━━ Data supplied

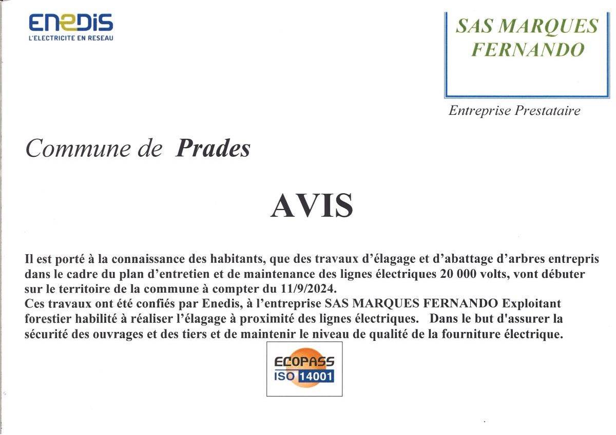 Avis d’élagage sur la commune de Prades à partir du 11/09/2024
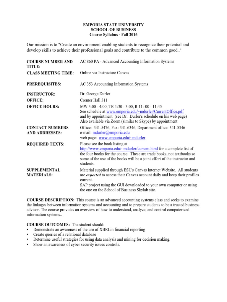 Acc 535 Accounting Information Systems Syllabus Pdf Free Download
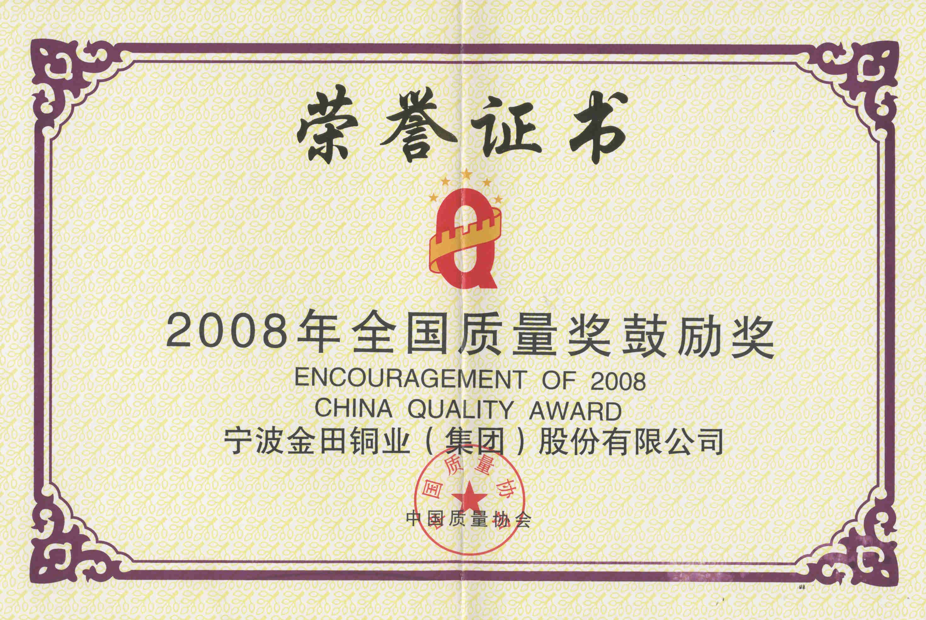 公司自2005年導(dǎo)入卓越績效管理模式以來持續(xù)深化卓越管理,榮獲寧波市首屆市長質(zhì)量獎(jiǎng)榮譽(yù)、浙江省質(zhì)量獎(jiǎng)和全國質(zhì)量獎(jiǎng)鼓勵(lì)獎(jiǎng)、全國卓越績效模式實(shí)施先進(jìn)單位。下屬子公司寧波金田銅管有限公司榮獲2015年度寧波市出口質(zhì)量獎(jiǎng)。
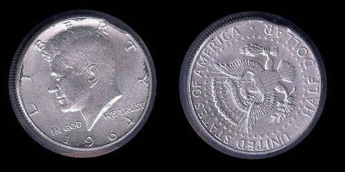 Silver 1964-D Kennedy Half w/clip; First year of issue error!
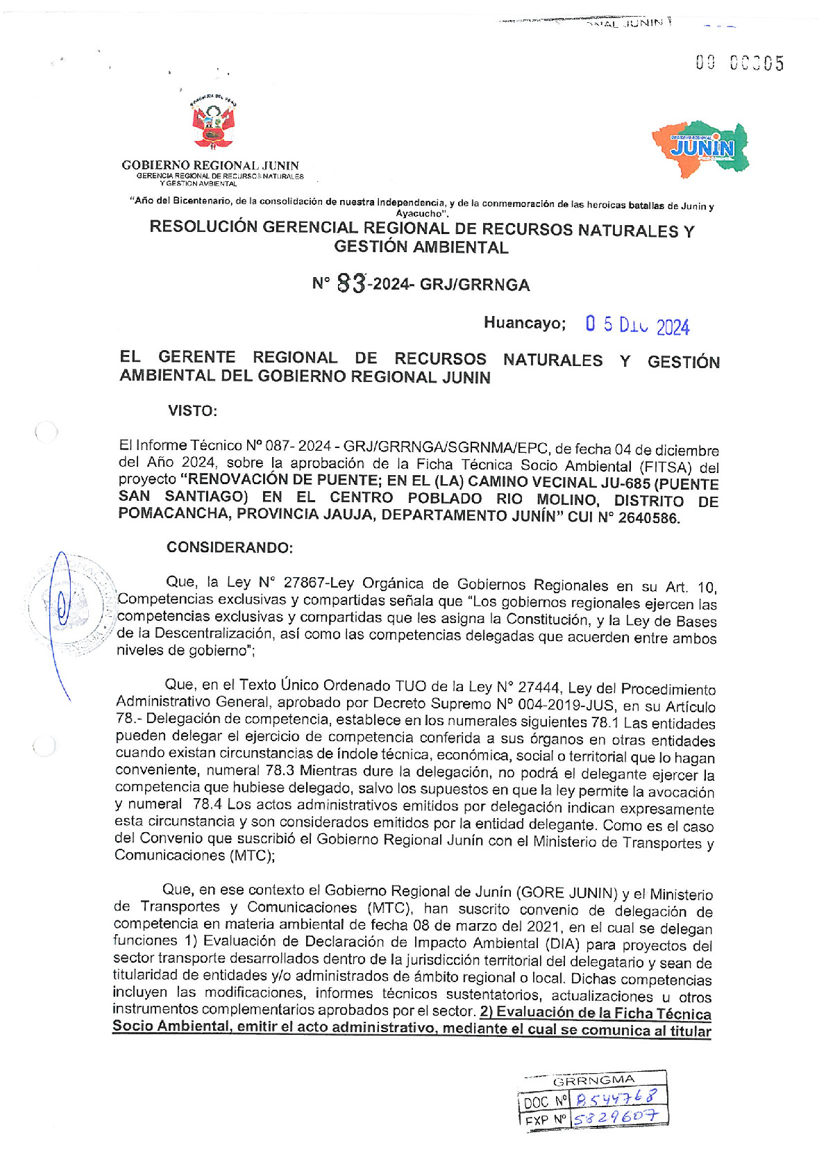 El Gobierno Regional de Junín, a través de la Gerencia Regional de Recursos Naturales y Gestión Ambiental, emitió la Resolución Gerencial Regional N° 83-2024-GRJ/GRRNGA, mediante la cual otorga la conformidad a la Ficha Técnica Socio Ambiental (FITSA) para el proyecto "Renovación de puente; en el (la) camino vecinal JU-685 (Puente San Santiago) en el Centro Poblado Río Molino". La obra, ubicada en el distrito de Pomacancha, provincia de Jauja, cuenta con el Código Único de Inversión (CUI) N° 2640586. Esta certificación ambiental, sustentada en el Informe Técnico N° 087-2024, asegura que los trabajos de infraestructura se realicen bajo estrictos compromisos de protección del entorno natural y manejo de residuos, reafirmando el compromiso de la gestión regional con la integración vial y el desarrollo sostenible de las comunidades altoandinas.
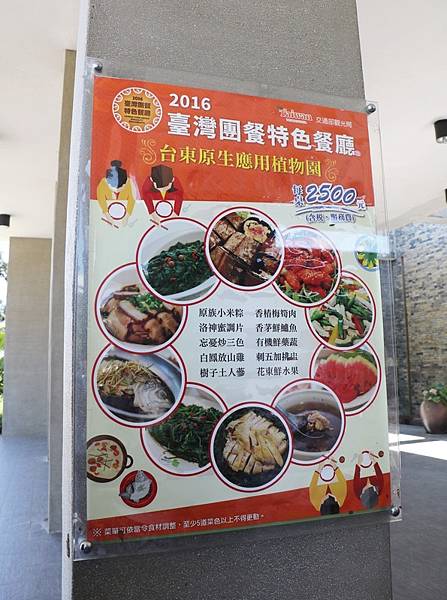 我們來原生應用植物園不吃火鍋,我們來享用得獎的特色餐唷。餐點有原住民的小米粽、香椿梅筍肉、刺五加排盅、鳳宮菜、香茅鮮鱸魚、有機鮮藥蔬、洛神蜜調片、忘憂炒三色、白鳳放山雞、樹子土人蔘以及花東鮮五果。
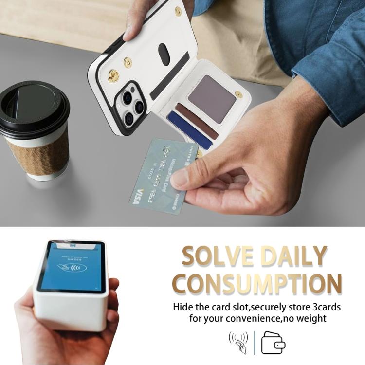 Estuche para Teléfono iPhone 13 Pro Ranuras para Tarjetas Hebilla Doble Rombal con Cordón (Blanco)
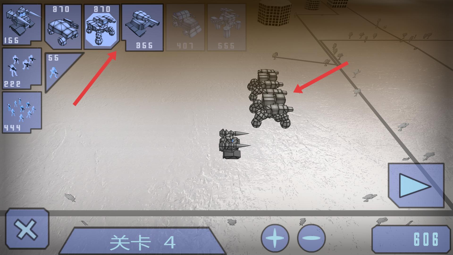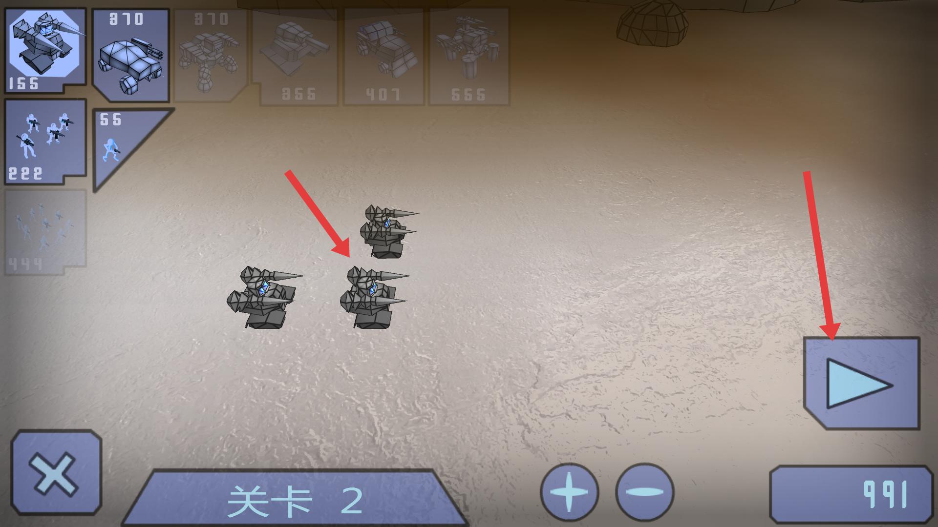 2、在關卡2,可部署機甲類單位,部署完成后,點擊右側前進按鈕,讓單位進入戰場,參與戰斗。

━━━━

Goal of the exercise: Extract all the entries word for word; omit any pictures.

Written answer:
 Avis d’élagage sur la commune de Prades à partir du 11/09/2024
 Acc 535 Accounting Information Systems Syllabus Pdf Free Download
 公司自2005年導(dǎo)入卓越績效管理模式以來持續(xù)深化卓越管理,榮獲寧波市首屆市長質(zhì)量獎(jiǎng)榮譽(yù)、浙江省質(zhì)量獎(jiǎng)和全國質(zhì)量獎(jiǎng)鼓勵(lì)獎(jiǎng)、全國卓越績效模式實(shí)施先進(jìn)單位。下屬子公司寧波金田銅管有限公司榮獲2015年度寧波市出口質(zhì)量獎(jiǎng)。
 Silver 1964-D Kennedy Half w/clip; First year of issue error!
 El Gobierno Regional de Junín, a través de la Gerencia Regional de Recursos Naturales y Gestión Ambiental, emitió la Resolución Gerencial Regional N° 83-2024-GRJ/GRRNGA, mediante la cual otorga la conformidad a la Ficha Técnica Socio Ambiental (FITSA) para el proyecto "Renovación de puente; en el (la) camino vecinal JU-685 (Puente San Santiago) en el Centro Poblado Río Molino". La obra, ubicada en el distrito de Pomacancha, provincia de Jauja, cuenta con el Código Único de Inversión (CUI) N° 2640586. Esta certificación ambiental, sustentada en el Informe Técnico N° 087-2024, asegura que los trabajos de infraestructura se realicen bajo estrictos compromisos de protección del entorno natural y manejo de residuos, reafirmando el compromiso de la gestión regional con la integración vial y el desarrollo sostenible de las comunidades altoandinas.
 我們來原生應用植物園不吃火鍋,我們來享用得獎的特色餐唷。餐點有原住民的小米粽、香椿梅筍肉、刺五加排盅、鳳宮菜、香茅鮮鱸魚、有機鮮藥蔬、洛神蜜調片、忘憂炒三色、白鳳放山雞、樹子土人蔘以及花東鮮五果。
 Estuche para Teléfono iPhone 13 Pro Ranuras para Tarjetas Hebilla Doble Rombal con Cordón (Blanco)
 2、在關卡2,可部署機甲類單位,部署完成后,點擊右側前進按鈕,讓單位進入戰場,參與戰斗。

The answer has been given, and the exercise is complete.